Exercise aim:
Extract, exactly as written, each line from the start of the records below to the line containing "クロールで25m泳ぎました。次回の授業では、平泳ぎの練習をします。", both ends included; drop the pictures.

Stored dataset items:
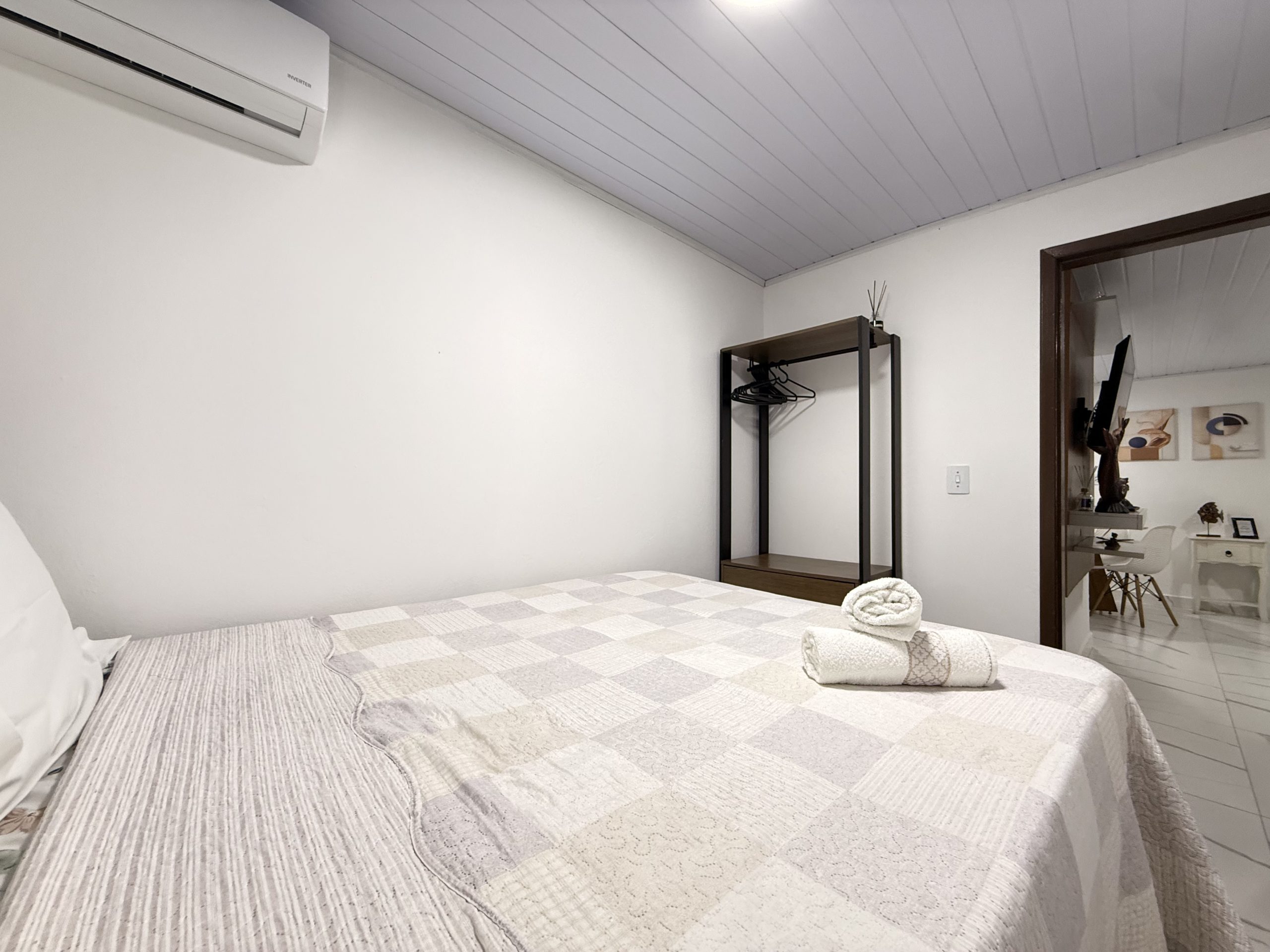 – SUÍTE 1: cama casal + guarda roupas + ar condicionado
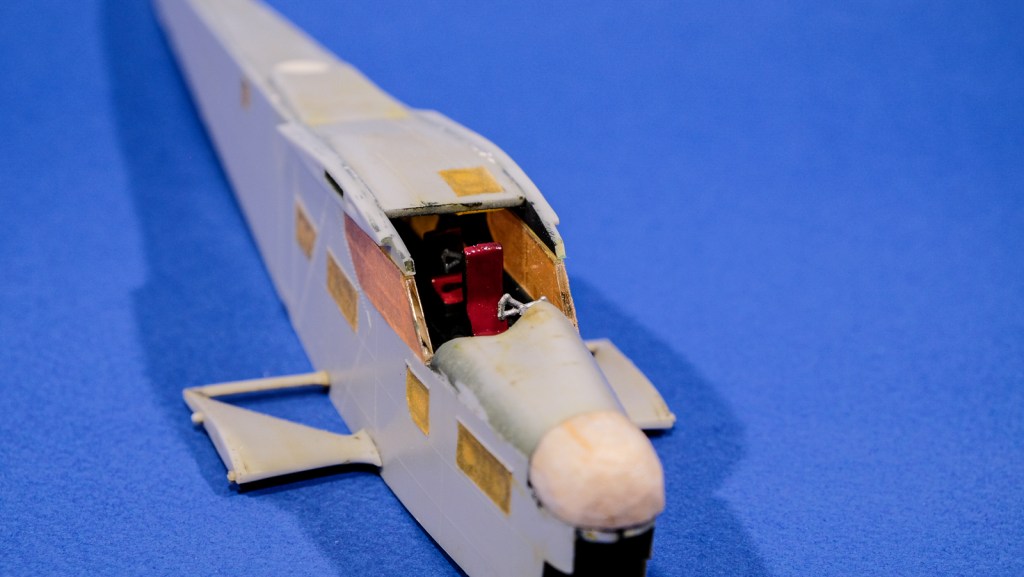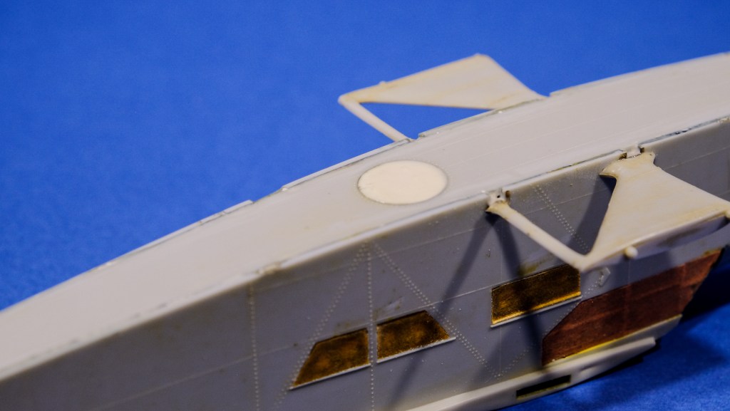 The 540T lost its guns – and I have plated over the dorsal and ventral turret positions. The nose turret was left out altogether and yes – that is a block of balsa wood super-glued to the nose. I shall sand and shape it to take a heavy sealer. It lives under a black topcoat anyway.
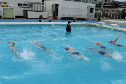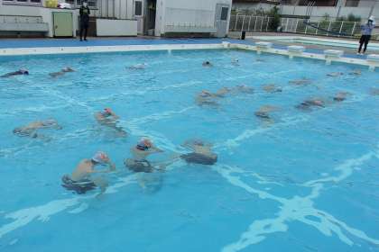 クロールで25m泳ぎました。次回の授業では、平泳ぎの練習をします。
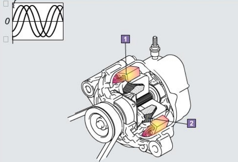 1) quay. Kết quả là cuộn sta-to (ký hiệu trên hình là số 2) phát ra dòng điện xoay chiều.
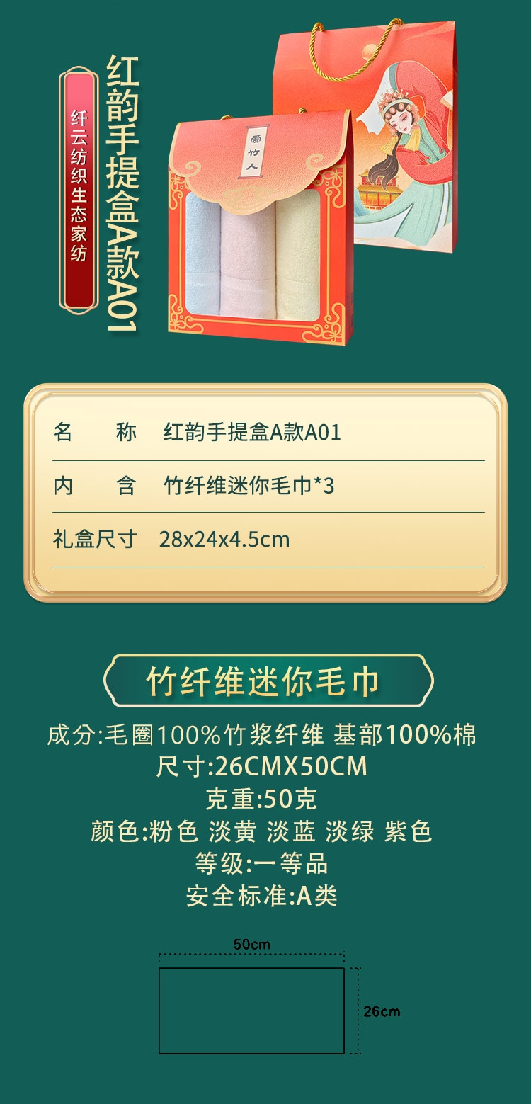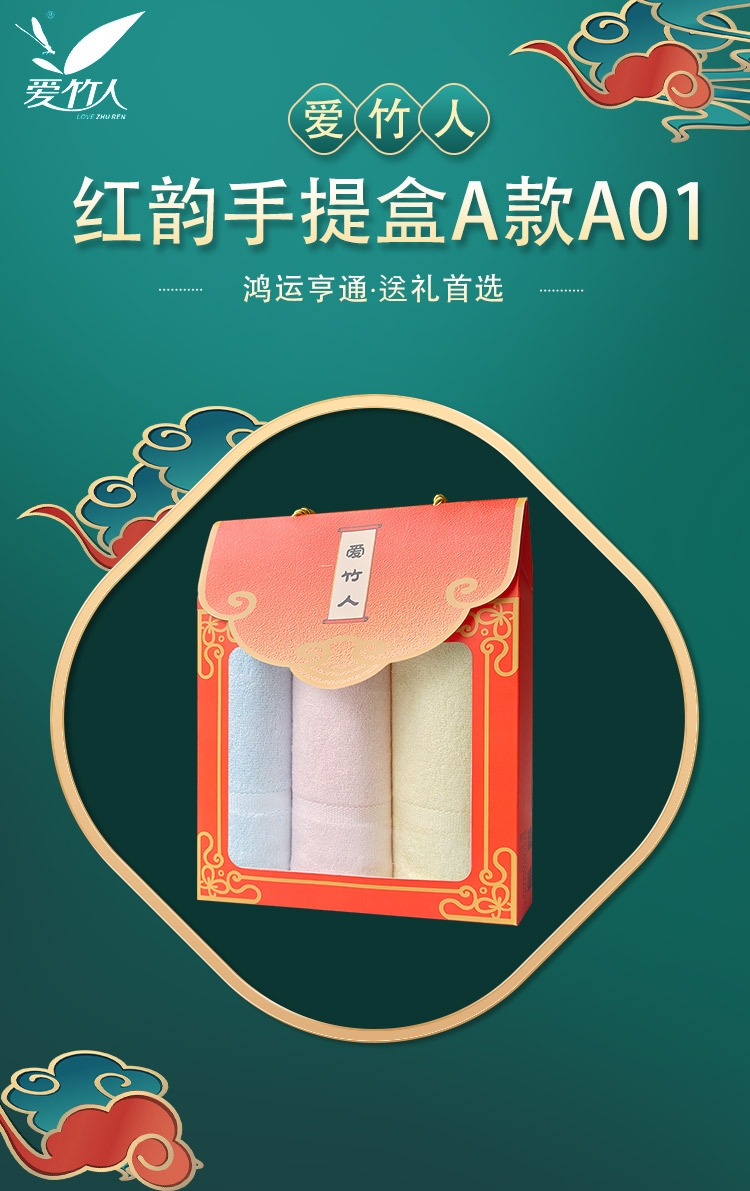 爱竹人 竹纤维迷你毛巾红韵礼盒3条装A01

Output for this task:
 – SUÍTE 1: cama casal + guarda roupas + ar condicionado
 The 540T lost its guns – and I have plated over the dorsal and ventral turret positions. The nose turret was left out altogether and yes – that is a block of balsa wood super-glued to the nose. I shall sand and shape it to take a heavy sealer. It lives under a black topcoat anyway.
 クロールで25m泳ぎました。次回の授業では、平泳ぎの練習をします。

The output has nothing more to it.